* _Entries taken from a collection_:
──────────────────────────────
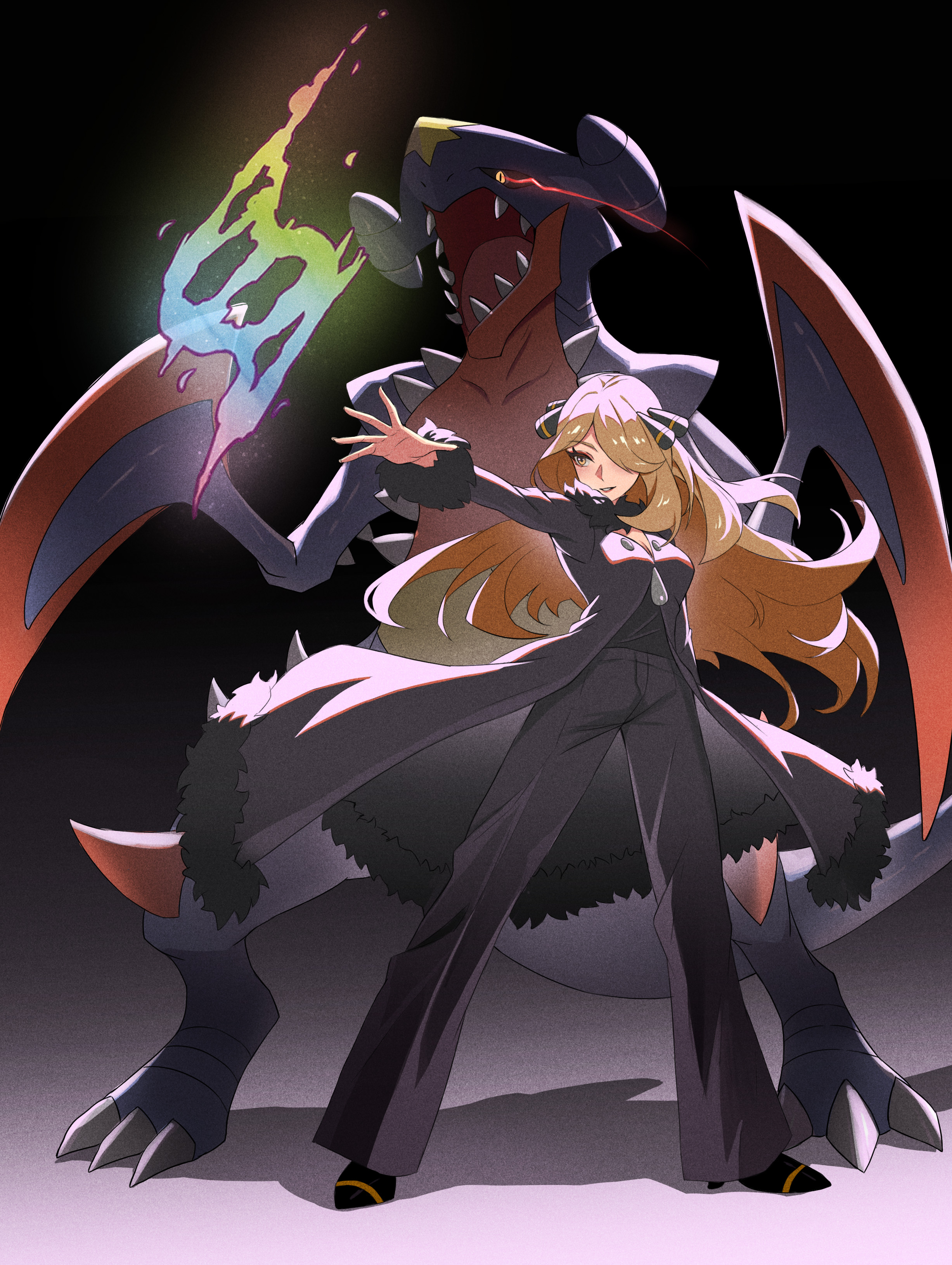 1girl absurdres black_background black_coat black_pants black_shirt blonde_hair breasts coat commentary cynthia_(pokemon) english_commentary eye_trail floating_hair full_body fur_collar garchomp gen_4_pokemon grey_eyes highres light_trail long_hair mega_evolution mega_garchomp mega_pokemon nintendo outstretched_arm pants parted_lips pokemon pokemon_(creature) pokemon_diamond/pearl/platinum shirt simple_background standing very_long_hair yyumio
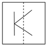 The original figure contains a vertical line at the center and two slanted lines attached to it. When reflected across the dotted line, the right-side slanted line flips horizontally, forming a symmetric “< >” shape.
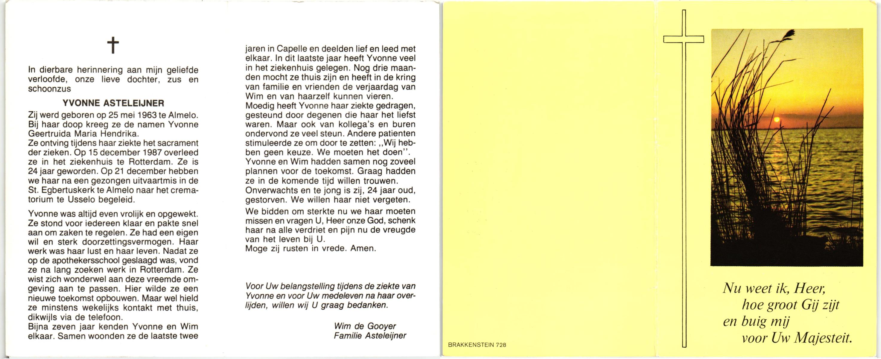 ASTELEIJNER, Yvonne, geboren op 25-5-1963 te Almelo, overleden op 15-12-1987 te Rotterdam, ziekenhuis op 24-jarige leeftijd, gecremeerd op 21-12-1987 te Usselo.
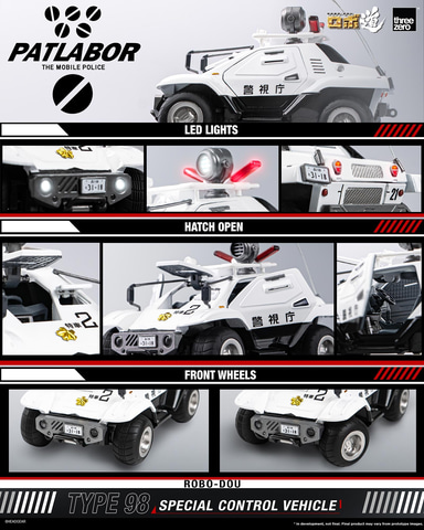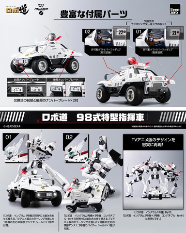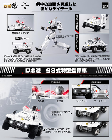 本製品は、アニメ「機動警察パトレイバー」に登場する「98式特型指揮車」を、同社のアクションフィギュアブランド「ロボ道」から1/35スケールのミニカーで商品化したもの。
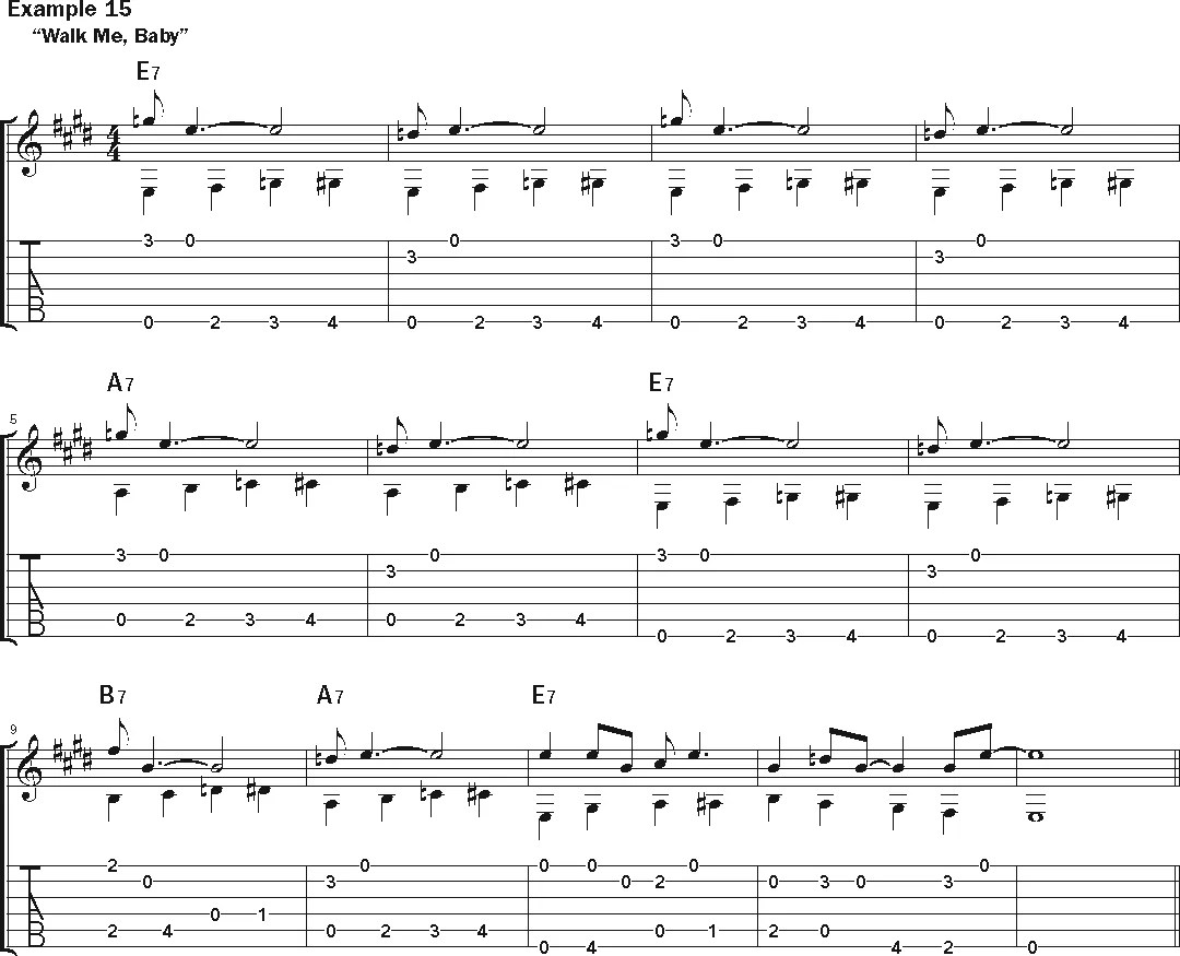 Now you’re ready to assemble all of this into a full 12-bar blues in E. “Walk Me, Baby” (Example 15) plugs one of our one-measure bass-line/blues lick moves into each measure of the progression, until the last two measures.
──────────────────────────────
* _Task instructions_: An exact copy of the lines from the one with "The original figure" through the last line of the records, inclusive, is required, with all pictures left out.

* _Completed task_:
 The original figure contains a vertical line at the center and two slanted lines attached to it. When reflected across the dotted line, the right-side slanted line flips horizontally, forming a symmetric “< >” shape.
 ASTELEIJNER, Yvonne, geboren op 25-5-1963 te Almelo, overleden op 15-12-1987 te Rotterdam, ziekenhuis op 24-jarige leeftijd, gecremeerd op 21-12-1987 te Usselo.
 本製品は、アニメ「機動警察パトレイバー」に登場する「98式特型指揮車」を、同社のアクションフィギュアブランド「ロボ道」から1/35スケールのミニカーで商品化したもの。
 Now you’re ready to assemble all of this into a full 12-bar blues in E. “Walk Me, Baby” (Example 15) plugs one of our one-measure bass-line/blues lick moves into each measure of the progression, until the last two measures.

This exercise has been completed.